改めてこの場所から銅が出ることを知った民たちは、驚くべきモノを掘り当てた──なんと雌雄一対のムカデ型の銅だった。
見つかったムカデ型の銅は、早速内々に朝廷に献上されたが、時の元明天皇は、夢でムカデの魔物から銅を大切に扱ってほしいと頼まれたという。
そこで天皇は、腕の立つ職人に命じて、見つかったムカデ型の和銅とまったく同じ物を対で五十、計百体を拵えさせ、聖神社の鎮座祭に文武百官を遣わさず、和銅で造られたそのムカデを代参させた。これを以てムカデの願いに誠意で応えたのである。
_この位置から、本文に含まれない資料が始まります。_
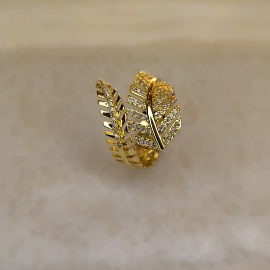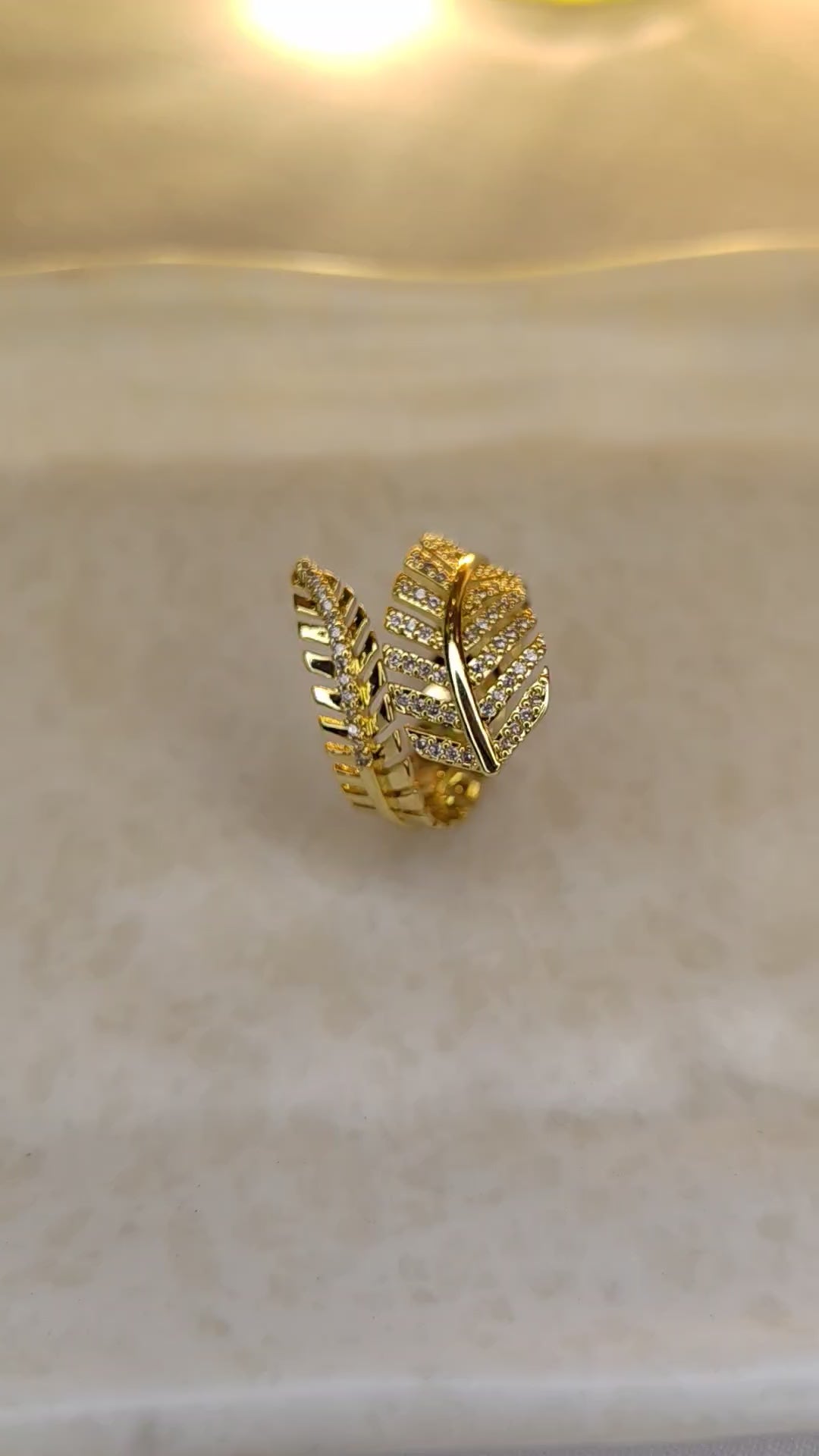Crafted in 18K gold-plated (anti-tarnish) metal, this eye-catching ring features a double leaf motif encrusted with sparkling white zircons. The radiant gold and elegant leaf design make it perfect for party or formal wear, adding nature-inspired glamour to any look

「ふぅ~ん……〝地獄からムカデの鬼が来る〟ってそういう意味なのか…」
「けれども私は未だに約束を守っていない。二体のムカデは離ればなれのままなのだ…」
「それは一緒にさせてあげる方法が見つかっていないってこと?」
「そうだ。いや………そうだったと言うべきだ…」
「えっ!?それじゃ、一緒にしてあげる方法が見つかったの?」
「そのはずだった……。だがお前の今の話で、果たせそうだった約束も儚く消えた…」
「はい…!?ちょっとごめんなさい…私…何か良くないこと言いました?」
「そうではない……。もうだいぶ前のことだが、私の願いを叶えてくれる者が突然現れたのだ」
「わっっっ!そ、それで!?」
「すまんがこれ以上は話せん………その者との約束なのだ……」錫はわずかな会話の中で、須佐之男が消沈する話の内容など、それしかないだろうと察しがついた。
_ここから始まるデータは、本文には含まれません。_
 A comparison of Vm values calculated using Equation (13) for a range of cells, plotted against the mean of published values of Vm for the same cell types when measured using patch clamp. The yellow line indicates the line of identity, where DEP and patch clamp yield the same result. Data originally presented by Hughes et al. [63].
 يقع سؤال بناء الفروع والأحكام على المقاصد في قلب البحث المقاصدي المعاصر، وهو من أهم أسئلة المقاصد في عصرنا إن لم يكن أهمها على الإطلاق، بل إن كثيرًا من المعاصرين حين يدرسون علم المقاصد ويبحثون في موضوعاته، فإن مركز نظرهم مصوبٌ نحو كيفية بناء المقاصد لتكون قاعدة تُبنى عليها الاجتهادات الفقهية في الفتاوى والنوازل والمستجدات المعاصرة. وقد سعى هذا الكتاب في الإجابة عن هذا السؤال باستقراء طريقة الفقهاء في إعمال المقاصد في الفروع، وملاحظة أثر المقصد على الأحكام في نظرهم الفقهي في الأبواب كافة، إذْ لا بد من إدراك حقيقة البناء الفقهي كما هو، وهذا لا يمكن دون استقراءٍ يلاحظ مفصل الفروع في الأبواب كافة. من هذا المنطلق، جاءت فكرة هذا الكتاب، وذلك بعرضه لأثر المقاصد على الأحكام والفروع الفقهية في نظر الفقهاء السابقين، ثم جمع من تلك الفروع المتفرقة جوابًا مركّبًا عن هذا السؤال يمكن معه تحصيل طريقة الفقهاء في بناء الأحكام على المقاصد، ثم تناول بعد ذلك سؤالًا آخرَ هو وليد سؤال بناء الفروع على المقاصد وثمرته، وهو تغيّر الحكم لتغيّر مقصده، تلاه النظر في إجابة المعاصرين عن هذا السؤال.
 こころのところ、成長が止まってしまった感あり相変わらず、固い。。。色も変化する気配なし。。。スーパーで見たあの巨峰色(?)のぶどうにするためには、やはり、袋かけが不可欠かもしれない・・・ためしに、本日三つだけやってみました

「ねぇ、須佐之男様──須佐之男様の願いを叶えてくれようとした者って門番様でしょ?違う?…これは想像だけど、門番様が大ムカデさんを番いにしてやると約束したんじゃない?ただしその代わりに須佐之男様は堕羅の大門の玉を預かった……どう?」
「ふんっ…半分は当たりで半分は間違いだ…。とにかく私ができる話はここまでだ。これ以上何か知りたいのであれば、自分で和銅遺跡を訪ねてみることだ」
「うん、分かった。須佐之男様ありがとう!」
「私もここで死した嫌われものの生き物たちの監視役をしている身だ。久しぶりの客人もまた良いものであったわ」
錫は須佐之男命と別れて帰路に就いた──。帰る道中、話の整理をしていた錫は、須佐之男の言葉が引っかかった。
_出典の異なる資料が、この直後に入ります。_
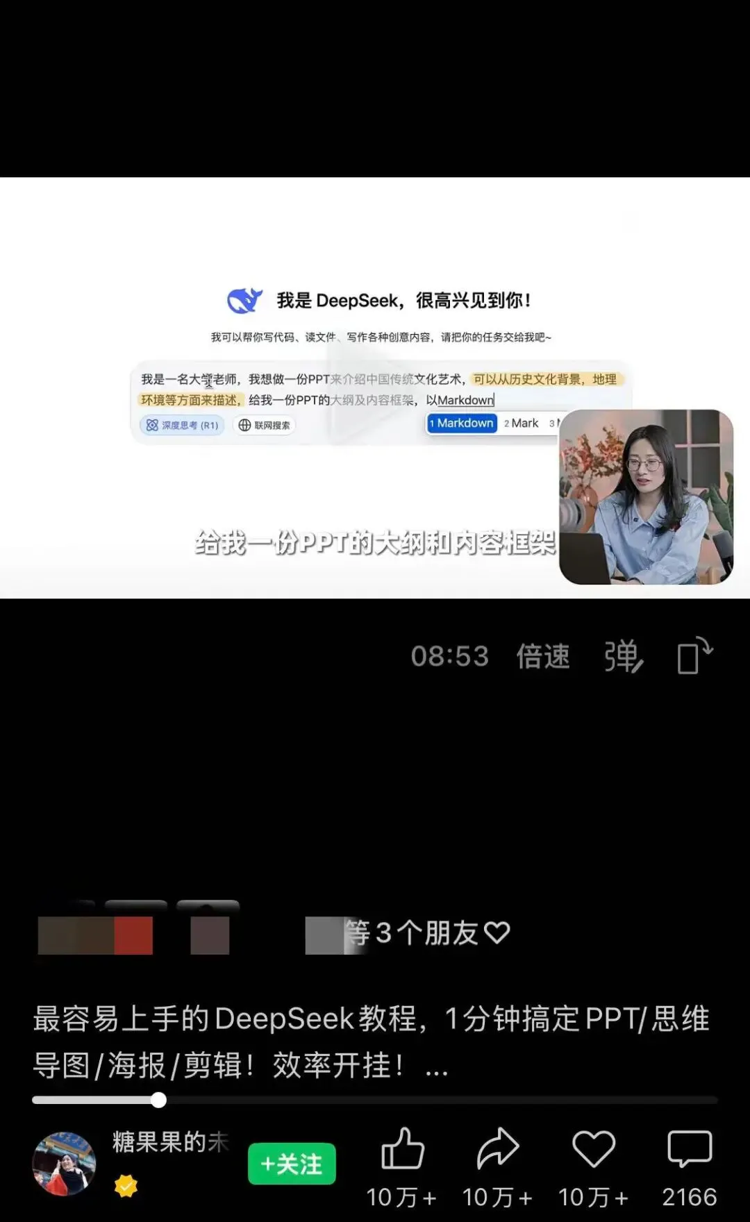 这个老师的视频介绍了很多运用deepseak和其他工具软件的方法,除了做PPT,还能做思维导图、海报等等,操作方法讲解得很详尽,可以跟着手把手操作,看起来一点不难。

──「何気なく聞いていたけど、死んだ蛇やムカデたちは白の国の一画に棲んでいるのよね…?だとしたら堕羅の蛇やムカデたちと何が違うんだろう?」
あれこれと考えながら我が家に帰ってきた錫をいち早く出迎えたのは、もちろんいしだ。
「ご主人さまぁ~…お帰りなさい!ご無事でしたか?もう心配で心配で…」
「ばかねぇいしは…。白の国が人間界より安全なのはいしが一番よく知っているでしょ?」
「そ、そうですが…やはりご主人様が帰ってくるまで安心できませんし、寂しいですし…」
「もう…いしったら…しょうがない子ね…」そう言いながら満更でもない錫だ。
「それでご主人様、何か収穫はありましたか?」
「うん。次に行くべきところは決まったわ!」錫がいしに白の国でのことを話しかけた時、ケータイ電話が鳴った。着信は明日香紗樹からだった。娘の美鈴がまた暴れ出したとの連絡に、錫は休む間もなく立ち上がった。「聖霊に出かけるよ………いし!」自分が見当違いをしているとは知らずに、錫は準備していたある物を大きめのバッグに詰め込んで勇んで出かけたのだった──。
★
小鬼稚はわなわなと震えながら耳を塞ぎ、牢獄の入り口で縮こまっていた。
「あぁ~…もう来る…奴が…奴が来る…。おしまいだ…何もかもが無にされてしまう…」牢中に閉じ込められたそいつはずっとそればかり叫び続けている。
「おい…静かにしてくれ…。そうやって気味の悪い声で叫ばれると、こっちが変になりそうだ…」
「私のことは気にしないでくれ…。お前たちが気の毒でならんだけだ……あぁ…来る来る…」
「やめろと言ってるだろうが…。そんな芝居なんかに引っかからんぞ!」
「信用してくれとは言っていない…。けれど、せめてお前が犠牲になってこれを奴に返してくれさえすれば、被害は最小限で食い止められるのに…それが残念でならないだけだ…」
「誰がそんな手に…。オ、オレは絶対ダマされんぞ…」小鬼稚は強く両耳を覆った。